» **Problem details**: Here the job is to print only the lines from the one containing "Calle Irigoyen Freyre" to the end of the entries, both included, exactly as they stand, with pictures excluded.
[Opening Material for this task section]
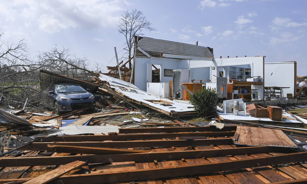 A church which was destroyed during a breakout of multiple tornados in Ohatchee, Alabama, on March 26, 2021.
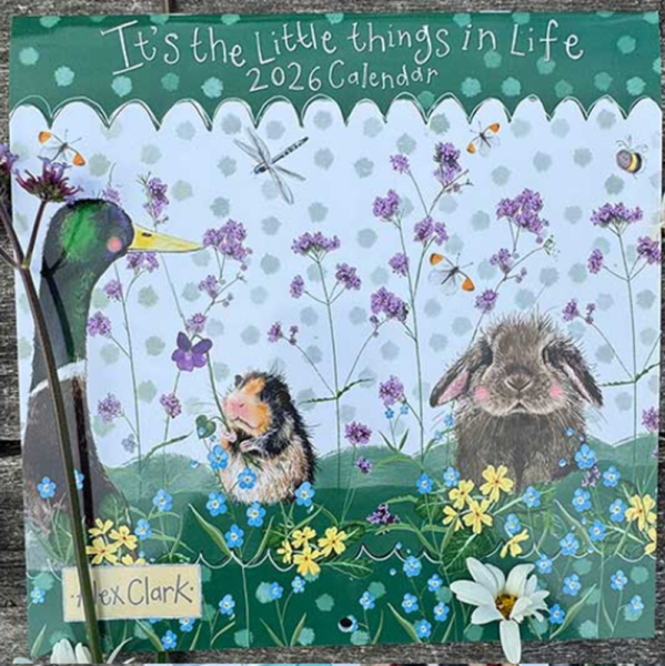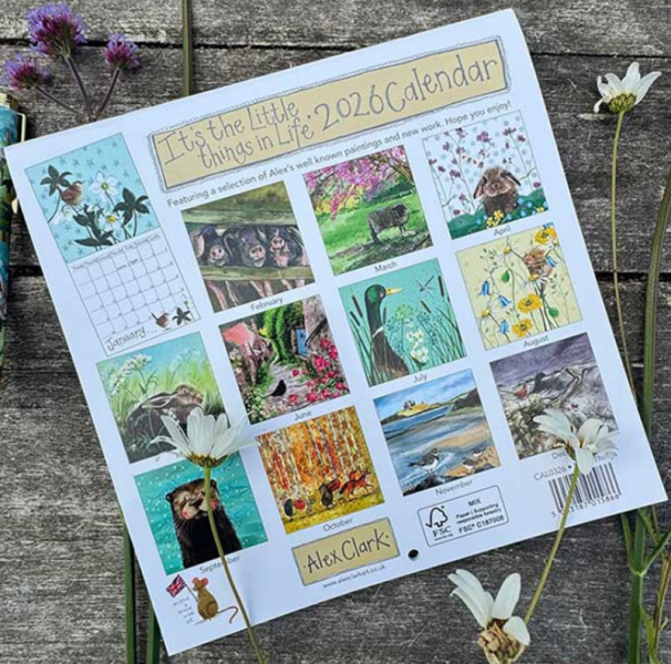 měsíční kalendář na rok 2026, na pověšení, na horní části obrázky malých zvířátek, na spodní části měsíční kalendář na poznámky, autorkou je anglická malířka Alex Clark, značka Alex Clark
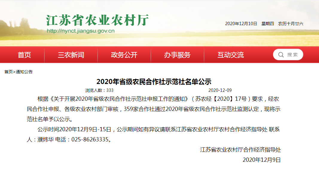 根據(jù)《關(guān)于開(kāi)展2020年省級(jí)農(nóng)民合作社示范社申報(bào)工作的通知》(蘇農(nóng)經(jīng)【2020】17號(hào))要求,經(jīng)農(nóng)民合作社申報(bào)、各級(jí)農(nóng)業(yè)農(nóng)村部門審核,359家合作社通過(guò)2020......
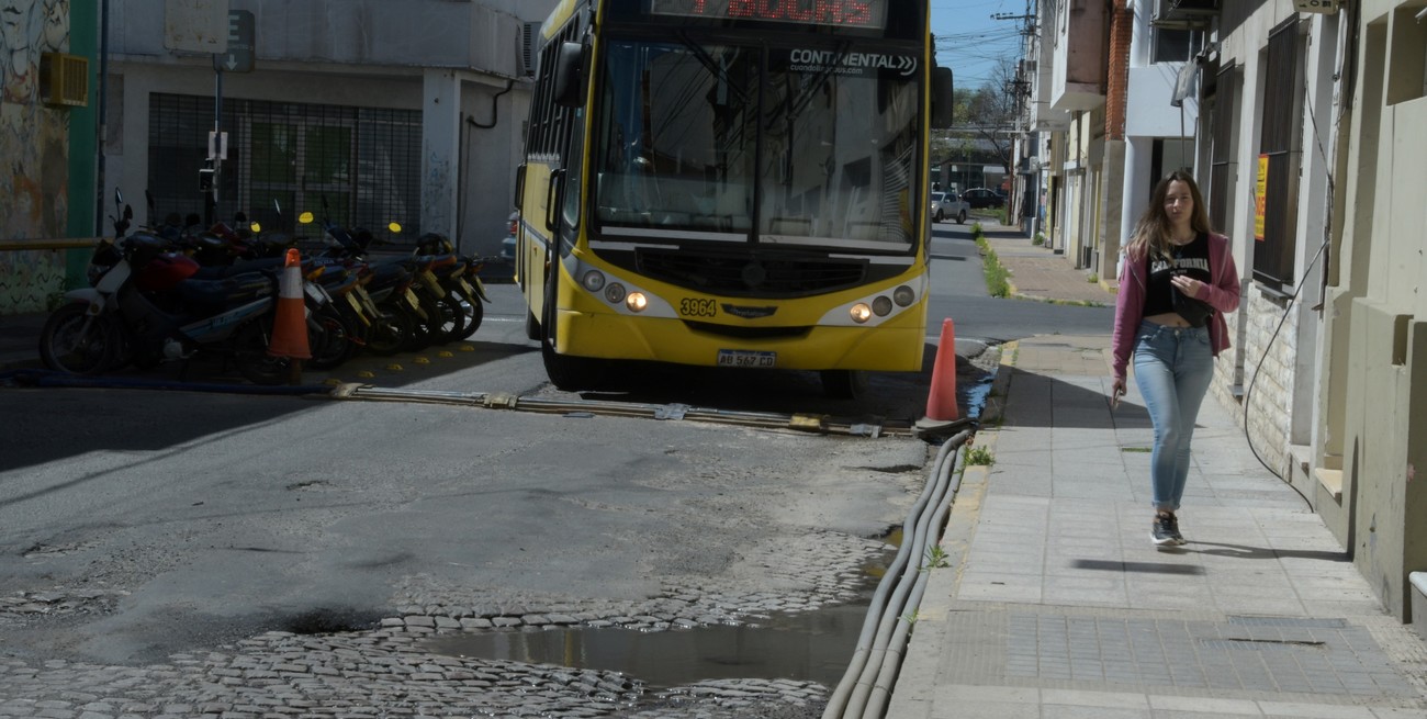 Calle Irigoyen Freyre entre San Luis y Rivadavia. Pleno macrocentro de la ciudad de Santa Fe. Caño atraviesa la calle de vereda a vereda. Asfalto roto. Baches. Falta de pavimento. Adoquines. Ondulaciones. Precaución al transitar. ¿Qué es todo esto?
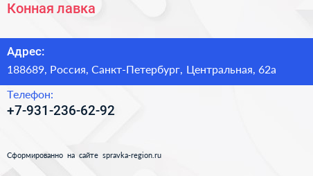Конная лавка по адресу 188689, Россия, Санкт-Петербург, Центральная, 62а в дальнейшем Организация, размещена в следующих категориях:
[Closing Material for this task section]
» **Written answer**:
 Calle Irigoyen Freyre entre San Luis y Rivadavia. Pleno macrocentro de la ciudad de Santa Fe. Caño atraviesa la calle de vereda a vereda. Asfalto roto. Baches. Falta de pavimento. Adoquines. Ondulaciones. Precaución al transitar. ¿Qué es todo esto?
Конная лавка по адресу 188689, Россия, Санкт-Петербург, Центральная, 62а в дальнейшем Организация, размещена в следующих категориях:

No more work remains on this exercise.